Некоторое время они шли молча рядом, и каждый из них слышал, как ему казалось, биение сердца другого. Наконец, юнкер глубоко вздохнул и вымолвил:
— Прошло три длинных-длинных месяца с тех пор как я приехал. Хорошо ли я вел себя, Мария?
— Да, Георг.
— Но вы не можете себе представить, чего мне стоило держать на цепи свое бедное сердце, таить про себя все, что хочешь сказать, и закрывать глаза. Но хоть раз, один только раз я должен высказаться, Мария…
— Никогда, никогда! — настойчиво просила она. — Я знаю, что вы честно боролись; не лишайте же себя так безрассудно победы.
— О выслушайте меня, Мария, выслушайте только один раз!
— Что за польза будет вам от того, что вы смутите мою душу горячими речами? Я смею слушать только одного человека на свете, когда он говорит, что любит меня, и вы не должны говорить мне, чего я не смею слышать.
— Не смеете? — спросил он тоном легкого упрека и продолжал мрачно и горько: — Вы правы, совершенно правы. Мне запрещено даже говорить. Пусть же жизнь течет вперед свинцовым потоком и все, что зеленеет и цветет на его берегу, потеряет свой запах и поблекнет! Туман скрыл от меня золотой свет солнца, радость утратила всю свою силу, и все, что прежде восхищало меня, теперь кажется мне бледным и непривлекательным. Узнаете ли вы прежнего беззаботного весельчака?
— Постарайтесь быть опять веселым, постарайтесь ради меня, Георг!
— Все прошло, все прошло, — печально прошептал он. — Вы видели меня в Дельфте, но вы никогда не понимали меня хорошо. Эти глаза были как бы два зеркала счастья, в которых чудесно преображается каждое изображение, воспринимаемое ими, и за это они были вознаграждены: повсюду, куда бы они ни глядели, им светили приветливые взгляды. В этом сердце вмещался целый мир, и оно билось так быстро и радостно! Часто я не находил исхода своим силам и не знал, куда девать избыток веселья и жизни, и мне казалось, что я, как мушкет, который разрывает слишком сильный заряд, разлечусь на тысячу кусков, но не в ширину, а прямо вверх, на небо. Это было такое счастливое и в то же время такое мучительное чувство, я раз десять испытывал его в Дельфте, когда вы были добры ко мне. А теперь, теперь? У меня еще есть силы, я мог бы еще летать, но я ползаю, как улитка, потому что этого хотите вы.
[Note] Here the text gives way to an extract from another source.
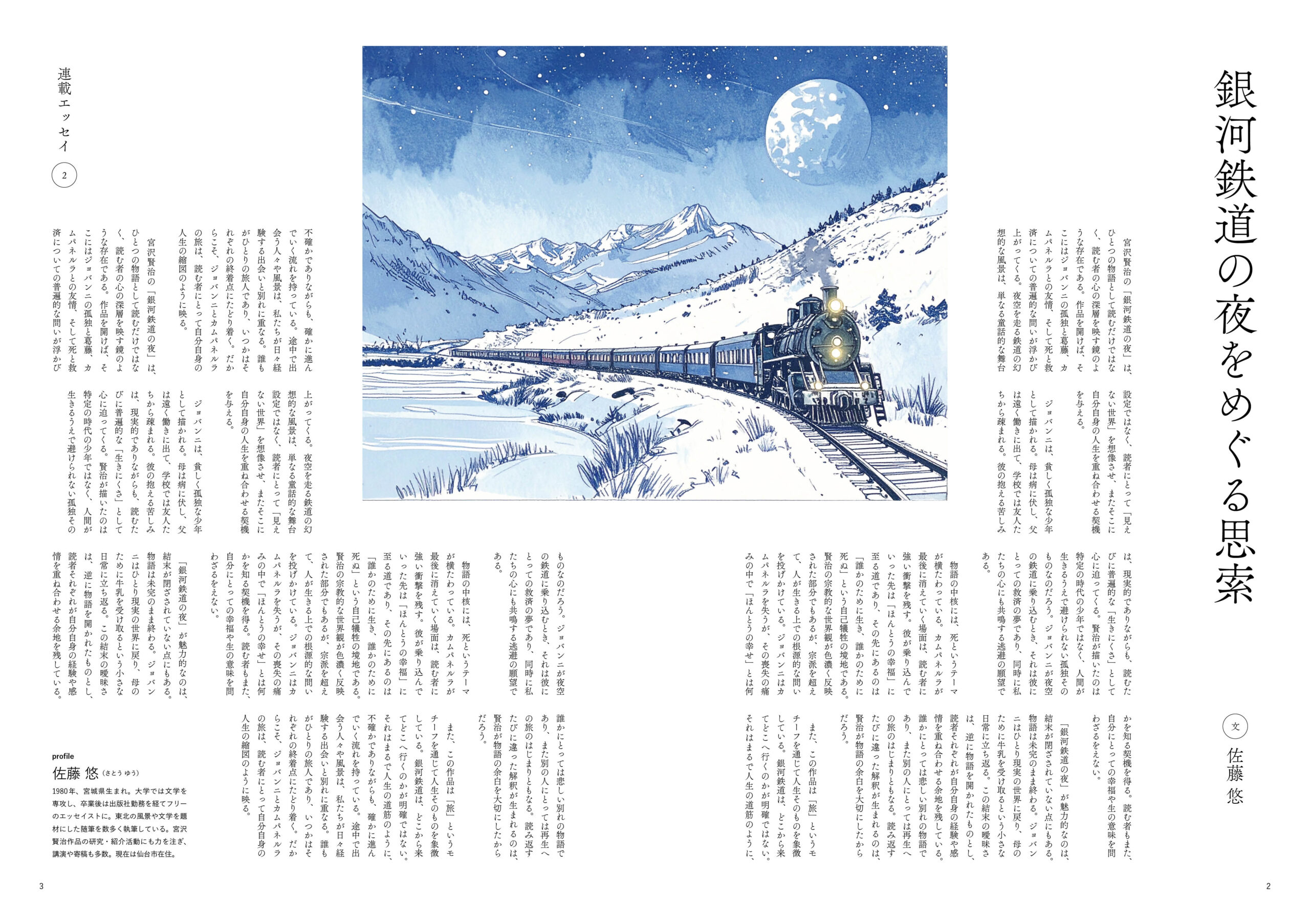 本文は5段のうち4段を使い、右端の1段にはタイトルと作家名を置いています。見開きの中央にはイメージイラストを配置し、本文を読み終えたところで左下にプロフィールを添えました。すべてをマージンに合わせることで、シンプルで標準的な誌面が立ち上がります。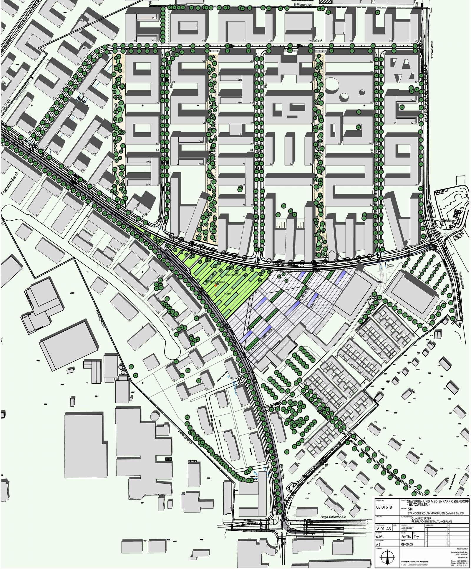 Die künftige städtebauliche Entwicklung der Konversionsfläche, die als Nutzung überwiegend büro- und dienstleistungsorientiertes Gewerbe und Wohnen unter Erhalt und Einbindung der unter Denkmalschutz stehenden Gebäude und Flächen vorsieht, orientiert sich an dem Entwurf von Goerdt + Schwarz als Siegerin des städtebaulichen Wettbewerbs (2003).

— Я не хочу этого, — возразила Мария. — Вы дороги мне, я смею признаться в этом, и мне тяжело видеть вас таким удрученным. Но если и я вам дорога, а я знаю, что вы желаете мне добра, перестаньте же так жестоко мучить меня… Вы мне дороги… Я уже сказала это, и должна была сказать, чтобы выяснить все между нами. Вы мне дороги как прекрасные дни моей прошедшей юности, как милые сны, как прелестная песнь, которая радует нас и освежает нашу душу, когда мы слушаем ее или вспоминаем ее, но быть для меня чем-нибудь больше этого — вы не можете. Вы мне дороги, и я хочу, чтобы это всегда было так, и вы можете добиться этого, если не разорвете клятву, которую вы дали.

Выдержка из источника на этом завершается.